Extrañas criaturas
Después del norteamericano y -obviamente- del argentino, el cine francés debe ser el que más llega a las salas del país. Y eso se debe en buena parte a que todavía mantiene vivo cierto poder iconográfico, con una serie de nombres que se instalan fuertemente tanto en la categoría de autor como en la de creadores de masividad, como en la de mitos vivientes o artesanos más o menos competitivos. En definitiva, un cine industrial variado y complejo, que da una idea de cierto orden y ambición para instalar una presencia audiovisual en el mundo. En este contexto, una película como En un patio de París es una verdadera rareza. Bienvenida, más allá de que su resultado final sea un poco decepcionante en función de cómo se iban articulando los varios elementos que la integran.
En un patio de París es, también, un resumen de lo apuntado. Su director, Pierre Salvadori, es uno de esos artesanos más o menos efectivos, que viene a representar al cine francés menos exigente y más universalizado, ese de las comedias simpáticas y amables, y poco arriesgadas. Pero la película, además, se define a partir de sus dos protagonistas, Catherine Deneuve y Gustave Kervern; la primera la diva histórica, el segundo el referente de un cine incómodo y freak. En ese choque generacional pero también de registros y tonos, el film encuentra una cima de originalidad.
Decíamos de Deneuve, la diva por excelencia del cine galo. Una mujer que en su tercera edad tal vez haga menos películas brillantes que las que hacía antes, pero que sabe llevar su vejez con dignidad tanto personal como profesional. Y decíamos de Kervern, un director que en dupla con Benoît Delépine ha construido las comedias más deformes y revulsivas del cine francés contemporáneo (Aaltra, Mammuth). Ese cruce, entre la actriz consagrada y el referente cool, hace avanzar el film por un camino sinuoso, donde el acercamiento a un consorcio de vecinos bastante particular, resulta un muestrario melancólico y lunático, que tiene la distinción que le aporta Deneuve y mucho del grotesco oscurísimo que le da Kervern. Con todo esto, Salvadori sólo tiene que sumar las partes, pero se confunde al querer ir más allá y tratar de dejar alguna lección de vida un poco simplona.

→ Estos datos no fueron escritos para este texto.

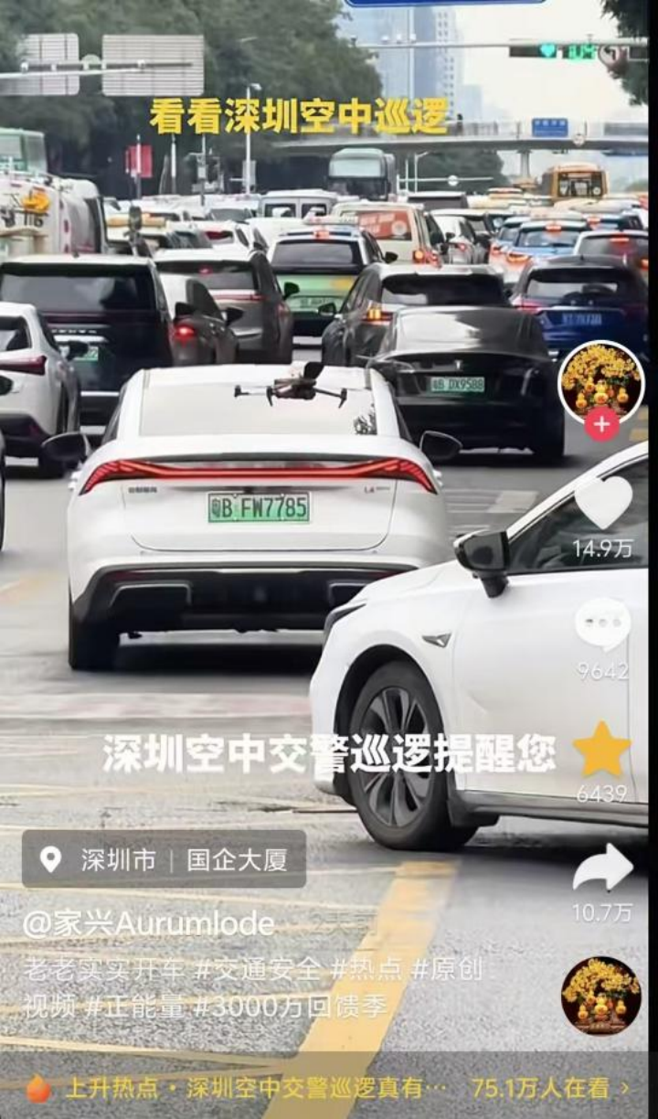 深圳的无人机,上岸第一剑,先斩老司机。最近深圳空中交警用无人机进行巡逻喊话的一段视频在抖音小爆,它在车流中以“磁性男电音”一边播报交通规则一边巡逻喊话“已对您的违法行为记录取证”,“压迫感瞬间就有了”。当有人还在质疑中途没电怎么办,眼尖的网友指出,人家把充电的老窝建在红绿灯杆子上。

Es verdad que algunas metáforas del film son la obviedad caminando -esa grieta que vuelve loca al personaje de Deneuve-, pero también es cierto que En un patio de París es una de esas películas que se valen de ciertos clichés para poner todo su esfuerzo en el desarrollo y la construcción de vínculos. Y ahí es donde triunfa, en cómo dispone a los personajes y cómo los va llevando progresivamente por el lado de una comedia contenida, pero no por eso menos efectiva; alocada en la psicología de sus criaturas pero sostenida bajo un manto de normalidad, que es en definitiva lo que busca su protagonista, Antoine: un músico depresivo que abandona todo y encuentra en un trabajo como portero de edificio ese espacio off de la sociedad que lo contiene y lo aísla de aquello que le hace daño. La película es un relato fragmentario que funciona a partir del entramado de personajes peculiares y las situaciones que se dan entre ellos, y que encuentra su mejor expresión cuando hace eso sin buscar un sentido, dejando ser a cada uno de esos propietarios e inquilinos, incluso sin juzgarlos en algunas decisiones que toman. Pero se traiciona a sí misma cuando pretende cerrar la historia con algún tipo de enseñanza, echando mano -incluso- a lo sacrificial. Ahí es donde lo libertario del asunto se siente más una pose que algo sentido, y donde el film de Salvadori pierde parte de la magia que la había sostenido hasta ese momento. Eso sí, Kervern está notable y su personaje es el que sostiene el conjunto.